7/ I say this as someone who thinks there are deep problems with Biden's politics. I also say this as someone who believes that his politics is far removed from the progressive vision of Sanders. But I remain absolutely unconvinced by those who think that somehow they…
8/ …compromise their political and moral commitments by voting for Biden, when not to do so is to help someone whose political and moral commitments contain absolutely no elements of a progressive vision on which to stand to secure more of a progressive vision.
9/ That is what we want. This implies that there are progressive elements to Biden's vision, what he says about two-year colleges, what he says about min.

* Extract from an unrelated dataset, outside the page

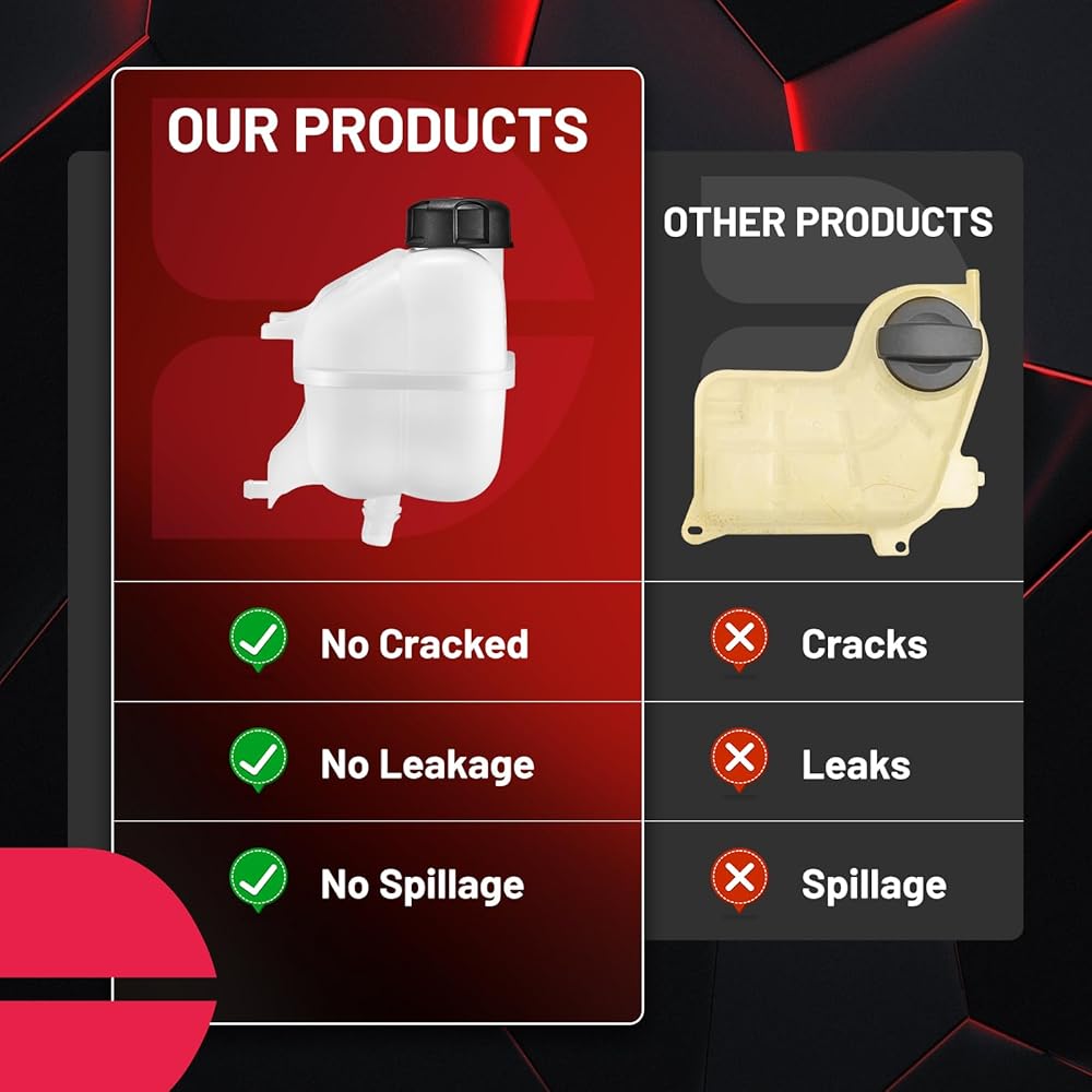【ميزات خزان التبريد】خزان تدفق سائل التبريد هذا مصنوع من مادة البولي بروبيلين عالية الجودة، مما يساعد على تقليل تخفيف الزيت واستهلاك الوقود ومنع تسرب الزيت وتقليل ضغط نظام تبريد السيارة. يمكنك رؤية مستوى مانع التجمد الداخلي مباشرة دون فتح غطاء الرادياتير لتجنب إتلاف الأجزاء.

10/ wage, what he says about student debt relief, what he says about eliminating private prison, etc. Not enough....of course not. But features that allow progressives to hold his feet to the fire, a set of commitments to which he can be made to be answerable.
11/ What of the worry over compromise? My rule of thumb is to see formal American politics as the kind of social practice that often must be dragged kicking and screaming into a just future.
12/ The bulk of our political advances, as far as I can tell, have emanated in the streets and have been transformed into the power of bodily movement and voice to pressure power-holders.
13/ This means insisting on the integrity of one's ethical and political vision, but recognizing that the process of politics is not a one and done process, but an iterative process. Going back again and again, securing more and more. This is why we must always look suspiciously
14/ …(even if affectionately) on politicians, always believing that there is more you (the politician) can secure if you push this way rather than that, if you leverage this rather than that, if you insist at this moment rather than hold back.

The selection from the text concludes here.